The nursing manager decides to form a committee to address the issue of violence against ED personnel. Which combination of employees is best suited to fulfill this assignment? A. ED physicians and charge nurses B. Experienced RNs and experienced paramedics C. RNs, LPN/LVNs, and nursing assistants D. At least one representative from each group of ED personnel

D. At least one representative from each group should be included because all employees are potential targets fro violence in the ED.

After falling from a 10' ladder, a patient is brought to the emergency department. The patient is alert, reports back pain, and difficulty moving the lower extremities. Which additional observation is an indication the patient may be experiencing neurogenic shock? A. Cool and pale skin B. Increased systolic blood pressure C. Poor skin turgor D. Bradycardia

D. Bradycardia

A 56-year-old patient presents in triage with left-sided chest pain, diaphoresis, and dizziness. This patient should be prioritized into which category? A. High urgent B. Urgent C. Non-urgent D. Emergent

D. Chest pain is considered an emergent priority, which is defined as potentially life-threatening. Patients with urgent priority need treatment within 2 hours of triage (e.g. kidney stones). Non-urgent conditions can wait for hours or even days. (High urgent is not commonly used; however, in 5-tier triage systems, High urgent patients fall between emergent and urgent in terms of the time lapsing prior to treatment).
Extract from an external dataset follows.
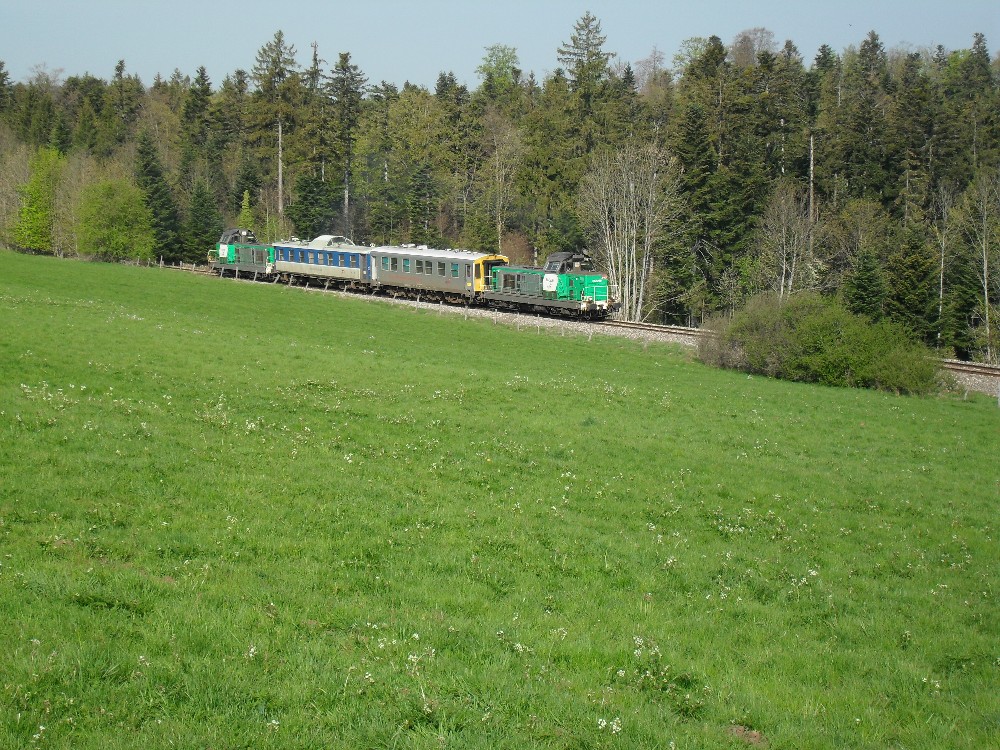 Tout d'Abord la rame de retour de Morteau avec environ 20 minutes d'avance, vue ici entre Avoudrey et Valdahon.
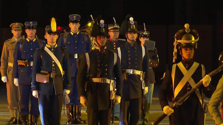 总台记者 宋一平:俄罗斯国际军乐节是一项集军事交流和文化交流于一体的活动。每年俄罗斯主办方都会邀请10多个国家的军乐团体来到莫斯科。但是由于疫情的原因,今年来到红场的只有卡塔尔、希腊、墨西哥和白俄罗斯四个国家的军乐队。大家看到在我身后表演的就是来自希腊的军乐队。

A patient arrives in the emergency department with symptoms of myocardial infarction, progressing to cardiogenic shock. Which of the following symptoms should the nurse expect the patient to exhibit with cardiogenic shock? A. Hypertension. B. Bradycardia. C. Bounding pulse. D. Confusion.

D. Confusion Cardiogenic shock severely impairs the pumping function of the heart muscle, causing diminished blood flow to the organs of the body. This results in diminished brain function and confusion, as well as hypotension, tachycardia, and weak pulse. Cardiogenic shock is a serious complication of myocardial infarction with a high mortality rate

A patient is being treated for hemorrhagic shock secondary to multiple rib fractures and a lacerated liver. Two units of packed red blood cells have been administered. Which of these measurements is an indication the patient has received adequate volume replacement? A. Oxygen saturation 90% B. Increased serum creatinine C. Decreased right atrial pressure D. Decreased serum lactate

D. Decreased serum lactate

A 25-year-old patient has returned home following extensive rehabilitation for a C8 spinal cord injury. The home care nurse visits and notices that the patient's spouse and parents are performing many of the activities of daily living (ADLs) that the patient had been managing during rehabilitation. The most appropriate action by the nurse at this time is to a. tell the family members that the patient can perform ADLs independently. b. remind the patient about the importance of independence in daily activities. c. recognize that it is important for the patient's family to be involved in the patient's care and support their activities. d. develop a plan to increase the patient's independence in consultation with the with the patient, spouse, and parents

D. Develop POC to increase independence

Which statement made by the client with facial burns who has been prescribed to wear a facial mask pressure garment indicates correct understanding of the purpose of this treatment? A. "After this treatment, my ears will not stick out." B. "The mask will help protect my skin from sun damage." C. "Using this mask will prevent scars from being permanent." D. "My facial scars should be less severe with the use of this mask."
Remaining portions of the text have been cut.